Search code examples
pythonamazon-web-servicesamazon-s3boto3pdfminer

How to use pdfminer to extract text from PDF files stored in S3 bucket without downloading it locally?


I have a PDF stored in S3 bucket. I want to extract texts using pdfminer from that PDF file.

When the file is stored locally, I am able to extract using the below code :

from pdfminer3.layout import LAParams, LTTextBox
from pdfminer3.pdfpage import PDFPage
from pdfminer3.pdfinterp import PDFResourceManager
from pdfminer3.pdfinterp import PDFPageInterpreter
from pdfminer3.converter import PDFPageAggregator
from pdfminer3.converter import TextConverter
from pdfminer.high_level import extract_pages
from pdfminer.pdfparser import PDFParser
from pdfminer.pdfdocument import PDFDocument
import io
from urllib.parse import urlparse

resource_manager = PDFResourceManager()
file_handle = io.StringIO()
converter = TextConverter(resource_manager, file_handle, laparams=LAParams())

page_interpreter = PDFPageInterpreter(resource_manager, converter)

pdf_file = 'file.pdf'

with open(pdf_file, 'rb') as fh:


    for page in PDFPage.get_pages(fh,
                              caching=True,
                              check_extractable=True):
        page_interpreter.process_page(page)

        text = file_handle.getvalue()

# close open handles
converter.close()
file_handle.close()
total_no_pages = len(list(extract_pages(pdf_file)))
print(total_no_pages)
print(text)

I can extract the texts in a clean fashion.

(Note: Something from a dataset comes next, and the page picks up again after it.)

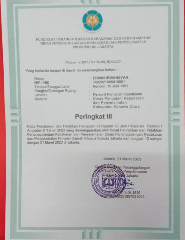 “Kemarin kami kirim 13 personil Damkar Konut untuk ikut pendidikan Pusdiklatkar di Ciracas. Semua biyaya di tanggung oleh Dinas Damkar Konut. Alhamdulillah semua sudah kembali dengan sehat dan selamat. Serta siap melayani masyarakat 24 jam dibidang kebakaran dan penyelamatan,”tegasnya.

However, I want to do the same for PDFs stored in S3.

I have made a connection to the S3 bucket and fetched the data like this:

import boto3, os

s3 = boto3.resource(
   service_name='s3',
   region_name=<region-name>,
   aws_access_key_id=<access-key>,
   aws_secret_access_key=<secret-key>
)

    
bucket_name = <bucket_name>
item_name = <folederName/file.pdf>

obj = s3.Object(bucket_name, item_name)
fs = obj.get()['Body'].read()

When I print fs, I see that it returns data in bytes.

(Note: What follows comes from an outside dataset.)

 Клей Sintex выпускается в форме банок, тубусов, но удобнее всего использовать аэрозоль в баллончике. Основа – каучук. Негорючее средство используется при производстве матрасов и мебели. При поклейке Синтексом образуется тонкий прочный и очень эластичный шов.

Kindly suggest a way to use pdfminer for texts stored in S3.


Solution

  • Instead of

    get_pages(fh,caching=True, check_extractable=True):
    

    you could have:

    get_pages(io.BytesIO(fs), caching=True, check_extractable=True):
    

    By the way, you are still downloading the objects from S3, but not physically saving them on your local hard drive.